Venerdì, 19 Luglio 2024
Dati sensibili

"Gravi violazioni sul fascicolo sanitario elettronico": interviene il garante privacy

L'Autorità ha avviato dei procedimenti verso 18 Regioni e 2 Province autonome per la "grave situazione" che riguarda il fascicolo sanitario elettronico, segnalata al presidente del Consiglio, Giorgia Meloni, e al ministro della Salute, Orazio Schillaci

Il Garante Privacy ha notificato a 18 Regioni e alle Province autonome di Bolzano e Trento l'avvio di procedimenti correttivi e sanzionatori per le numerose violazioni riscontrate nell'attuazione della nuova disciplina sul Fascicolo sanitario elettronico 2.0, introdotta con il decreto del Ministero della Salute del 7 settembre 2023. La decisione è stata assunta in seguito alla "grave situazione" segnalata - nei giorni scorsi - alla presidente del Consiglio, Giorgia Meloni, e al ministro della Salute, Orazio Schillaci (che ha spiegato cosa cambia col Fascicolo sanitario elettronico).

In particolare, riporta la nota del Garante Privacy, "gli esiti dell'attività istruttoria sul Fascicolo sanitario elettronico, avviata alla fine di gennaio, hanno mostrato che 18 Regioni e le due Province autonome del Trentino Alto Adige - non essendo in linea con quanto contenuto nel decreto del 7 settembre 2023 -, hanno modificato, anche significativamente, il modello di informativa predisposto dal Ministero, previo parere del Garante, che avrebbe dovuto essere adottato su tutto il territorio nazionale".
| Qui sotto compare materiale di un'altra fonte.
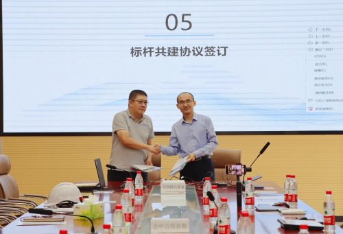 最后,新國展二期項目經(jīng)理焦勇與廣聯(lián)達副總裁劉曉棟代表雙方公司正式簽署了共育·標桿共建協(xié)議。
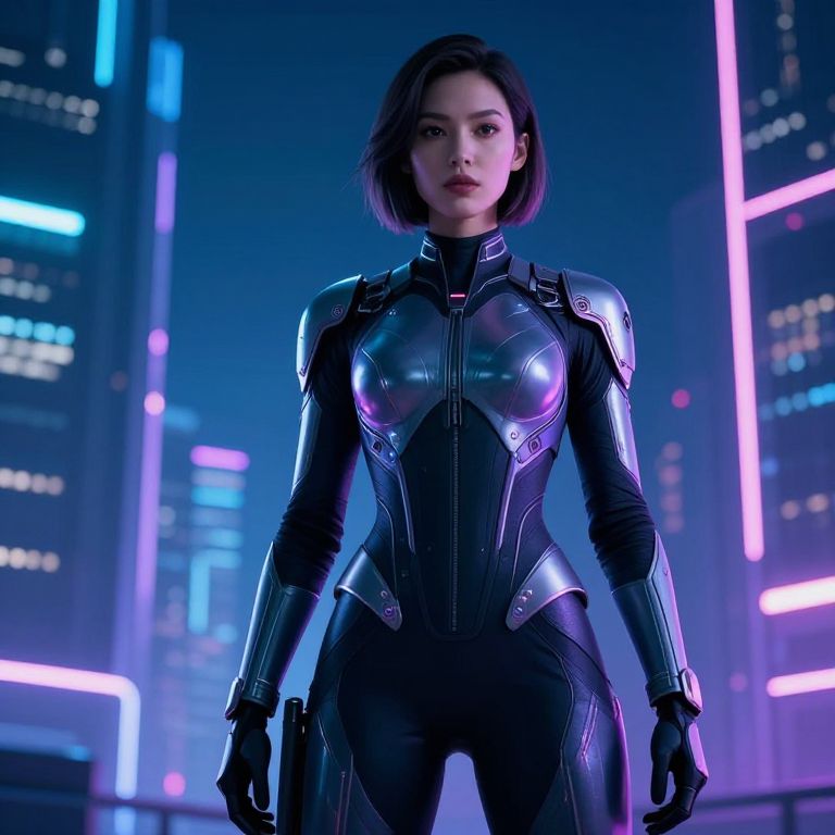 A futuristic female figure clad in a sleek, high-tech suit stands against a neon-lit cityscape, exuding confidence and a sense of readiness.
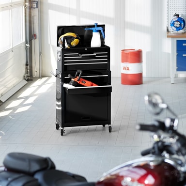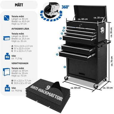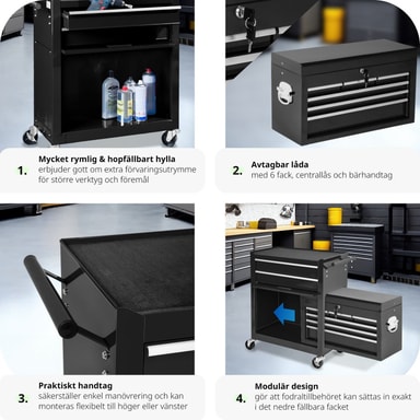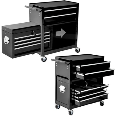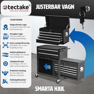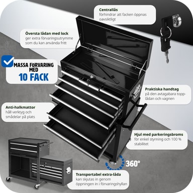 Denna verktygsvagn övertygar med det lilla extra - det löstagbara, fastsättningsbara och mobila överskåpet är raffinerat och praktiskt och fungerar bra som verktygslåda! Med denna verktygsvagn med överskåp har du allting nära till hands när du behöveLäs mer om produkten
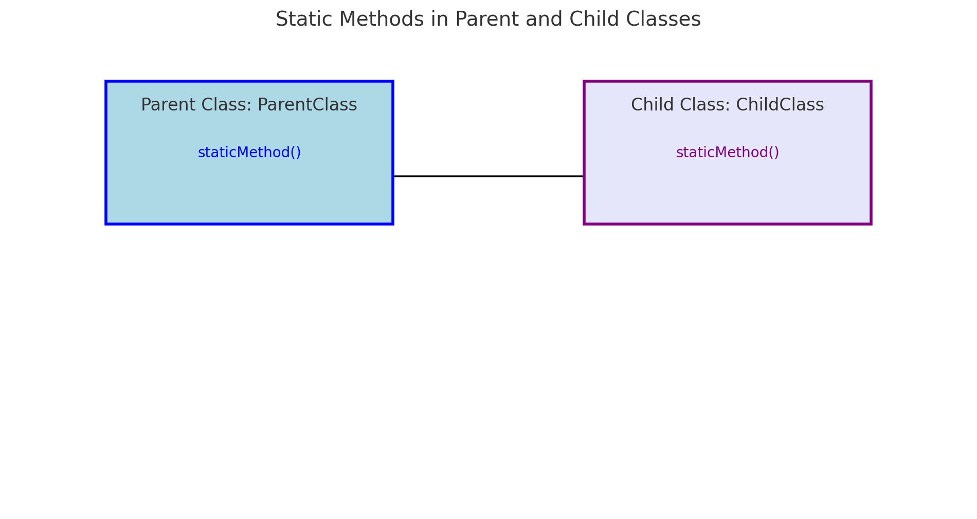 위 그림과 같이 부모 클래스와 자식클래스에서의 staticMethod()는 독립적으로 각각의 클래스 자체에 속한다. 따라서 부모클래스를 상속받았다 할지라도 그것은 자식클래스에서 부모클래스의 staticMethod()에 접근이 가능하게 된 것일 뿐, 부모클래스의 staticMethod()는 여전히 부모클래스에만 속하며 자식클래스에는 속하지 않는다.

Difformità e possibili sanzioni

Secondo l'Autorità, le difformità riscontrate hanno mostrato che alcuni diritti (dall'oscuramento alla delega al consenso specifico) e misure (come quelle di sicurezza, i livelli di accesso differenziati, la qualità dei dati) introdotte dal decreto, proprio a tutela dei pazienti, non sono assicurate in modo uniforme in tutto il Paese. "Oppure - continua il Garante - sono esercitabili ed esigibili solo dagli assistiti di talune Regioni e Province autonome, con un potenziale e significativo effetto discriminatorio sugli assistiti". Disomogeneità che "contraddice inoltre lo spirito della riforma del Fascicolo sanitario elettronico 2.0 volta a introdurre misure, garanzie e responsabilità omogenee sul tutto il territorio nazionale, rischiando così di compromettere anche la funzionalità, l'interoperabilità e l'efficienza del sistema". 

L'Autorità ha quindi chiosato: "È urgente intervenire per tutelare i diritti di tutti gli assistiti italiani coinvolti nel trattamento dei dati sulla salute effettuato attraverso il Fascicolo sanitario elettronico 2.0". Le violazioni nelle quali sono incorse Regioni e Province autonome, con differenti livelli di gravità e responsabilità, possono infatti comportare l'applicazione delle sanzioni previste dal Regolamento generale sulla protezione dei dati (Gdpr).

Opposizione al trattamento dei dati personali

Nel frattempo, lato cittadino, questi sono gli ultimi giorni per revocare il consenso all'inserimento di dati e documenti digitali all'interno del Fascicolo sanitario elettronico. Più nel dettaglio, fino al prossimo 30 giugno i cittadini possono comunicare il proprio rifiuto alla trasmissione di informazioni personali anteriori al 18 maggio 2020 (il giorno prima dell'entrata in vigore della nuova normativa). Parliamo di una finestra temporale limitata e, se non ci sarà alcuna richiesta esplicita da parte del cittadino, il trasferimento dei dati personali avverrà in modo automatico senza ulteriori passaggi.

La scelta, dunque, si può esercitare esclusivamente online accedendo al servizio "Fse: opposizione al pregresso", disponibile sulla piattaforma del Sistema tessera sanitaria. Accedendo al portale, nell'Area riservata al cittadino c'è l'apposita funzionalità che rimarrà attiva - appunto - fino a domenica 30 giugno. L'accesso avviene autenticandosi tramite identità digitale: usando la Carta nazionale dei servizi (Cns), la Carta di identità elettronica (Cie) oppure tramite il Sistema pubblico di identità digitale (Spid). La procedura è semplice: presa visione dell'informativa, bisogna cliccare sulla casella "Opposizione" e poi premere il pulsante "Mi oppongo". È bene precisare che, per chi dovesse ripensarci, la piattaforma dà l'opportunità di revocare l'opposizione al pregresso (ma soltanto entro il 30 giugno).